Former inmates on post-release community supervision and mandatory supervision should be eligible to vote, civil-rights groups argue in a lawsuit filed Tuesday against California Secretary of State Debra Bowen.
Bowen issued a directive in 2011 that people in these categories – which were created under the prison realignment plan pursued by Gov. Jerry Brown and the Legislature – were ineligible to cast ballots.
But the lawsuit – filed in Alameda County Superior Court by the American Civil Liberties Union of Northern California and the Lawyers’ Committee for Civil Rights of the San Francisco Bay Area on behalf of the League of Women Voters of California, the All of Us Or None inmate-rights group, and several individuals – notes the state constitution specifies that every adult Californian has a right to vote except while “imprisoned or on parole for a conviction of a felony” or mentally incompetent.
More than 58,000 people have been wrongly disenfranchised by Bowen’s “administrative fiat,” the lawsuit claims.
“Voting is a civic duty, and prohibiting people who are living in the community under these new forms of community supervision from participating in this critical part of our democracy serves no useful purpose and is likely to impede re-integration and rehabilitation into civil society,” the lawsuit says.

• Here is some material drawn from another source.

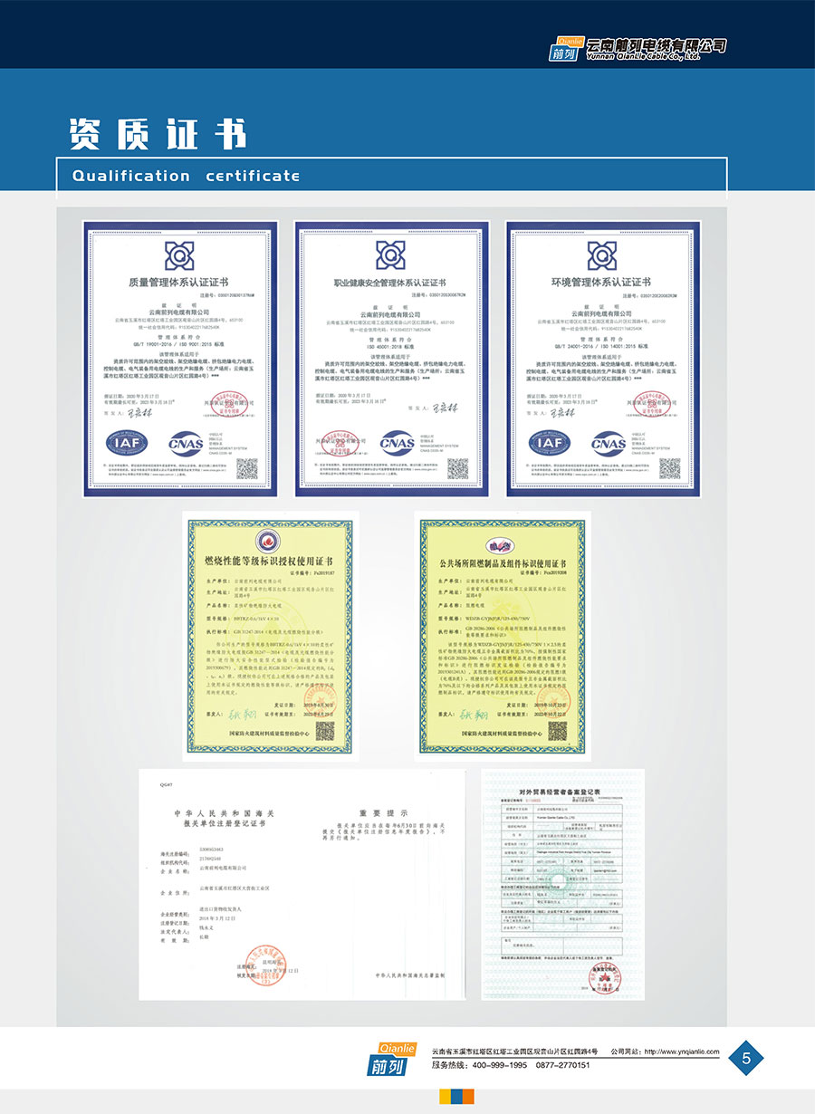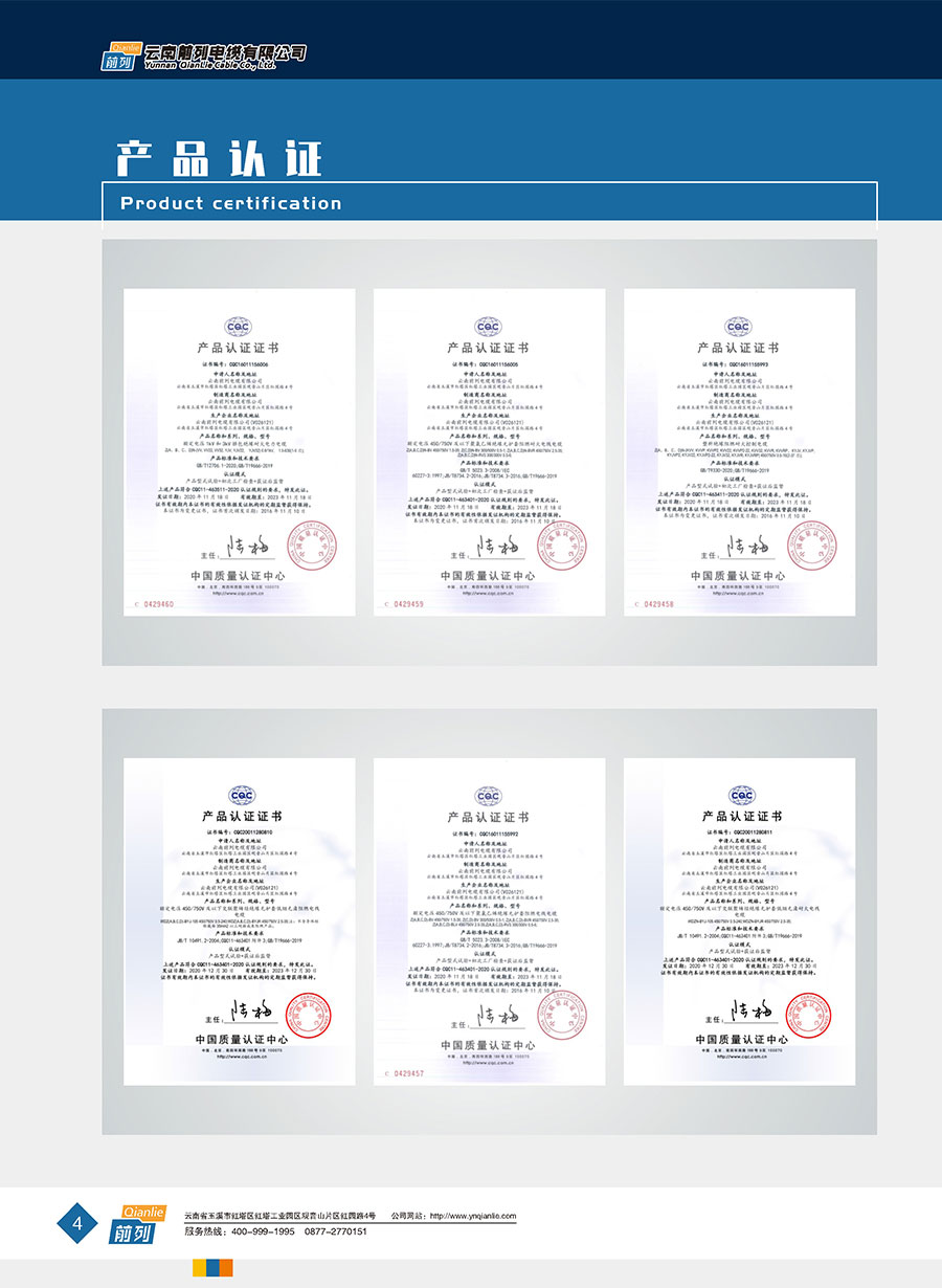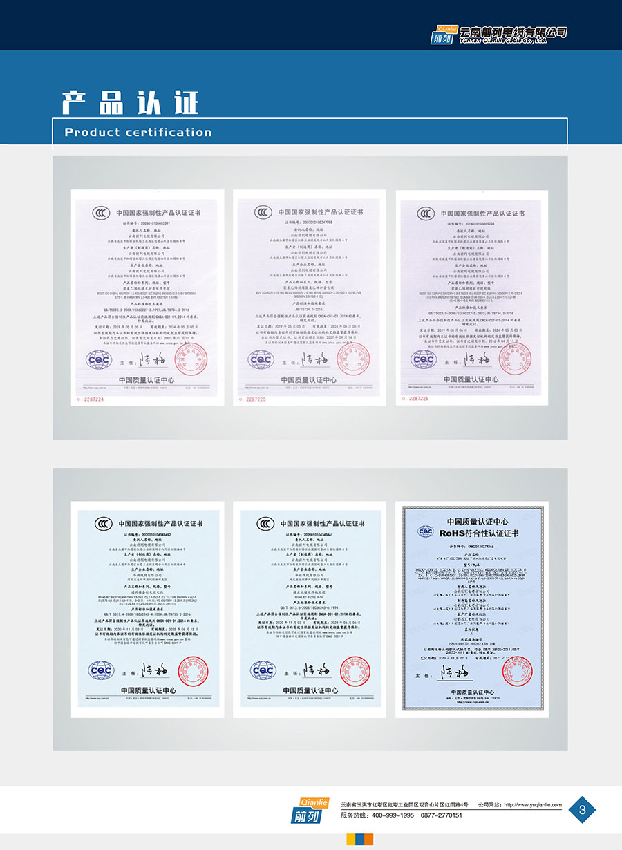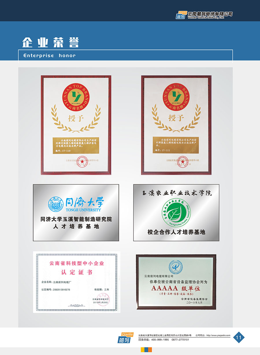 企業(yè)管理先進(jìn),設(shè)施完善,全部產(chǎn)品取得全國(guó)工業(yè)產(chǎn)品生產(chǎn)許可證證書,電線取得了中國(guó)強(qiáng)制性產(chǎn)品CCC認(rèn)證,同時(shí)取得了中國(guó)質(zhì)量認(rèn)證中心CQC產(chǎn)品自愿認(rèn)證、RoSH產(chǎn)品認(rèn)證。前列電纜通過了質(zhì)量管理體系認(rèn)證、環(huán)境管理體系認(rèn)證、職業(yè)健康安全管理體系認(rèn)證、能源管理體系認(rèn)證、兩化融合管理體系認(rèn)證、五星級(jí)售后服務(wù)管理體系認(rèn)證,產(chǎn)品抽檢合格率達(dá)100%。公司于2007年成立了企業(yè)技術(shù)中心,并于2010年被認(rèn)定為市級(jí)企業(yè)技術(shù)中心,同年被認(rèn)定為高新技術(shù)企業(yè),2014年被認(rèn)定為云南省創(chuàng)新型試點(diǎn)企業(yè),2015年被認(rèn)定為玉溪市電線電纜工程技術(shù)研究中心,2020年被認(rèn)定為云南省企業(yè)技術(shù)中心,2020年前列電纜“基于工業(yè)互聯(lián)網(wǎng)的電線電纜智能制造新模式應(yīng)用項(xiàng)目”被列為云南省工業(yè)互聯(lián)網(wǎng)試點(diǎn)示范項(xiàng)目,2021年被認(rèn)定為云南省專精特新小巨人企業(yè),2021年云南省工業(yè)互聯(lián)網(wǎng)“三化”改造試點(diǎn)示范項(xiàng)目,2022年被認(rèn)定為云南省綠色工廠、云南省工業(yè)產(chǎn)品質(zhì)量標(biāo)桿企業(yè)、云南省知識(shí)產(chǎn)權(quán)優(yōu)勢(shì)企業(yè)。“前列”牌電線電纜是云南名牌、云南省著名商標(biāo)、玉溪市民營(yíng)企業(yè)公益之星,多次獲得新產(chǎn)品、新技術(shù)金獎(jiǎng)、消費(fèi)者信得過產(chǎn)品、質(zhì)量服務(wù)3A企業(yè)等榮譽(yù)稱號(hào)。公司在2022年中國(guó)創(chuàng)新方法大賽全國(guó)總決賽當(dāng)中取得云南賽區(qū)一等獎(jiǎng),全國(guó)一等獎(jiǎng)。

Also, Bowen violated the California Administrative Procedure Act by issuing her directive without giving any public notice or allowing comments, the suit claims. “These requirements are meant to ensure that people who will be affected by a government rule or policy can have a voice in its creation and to provide, as our supreme court has put it, some security against ‘bureaucratic tyranny.’”
UPDATE @ 11:47 A.M.: A similar lawsuit was filed in 2012, but the state Court of Appeal and Supreme Court both declined to review the case, so Bowen’s interpretation of the law stood. Bowen won’t comment on pending litigation, a spokeswoman said Tuesday.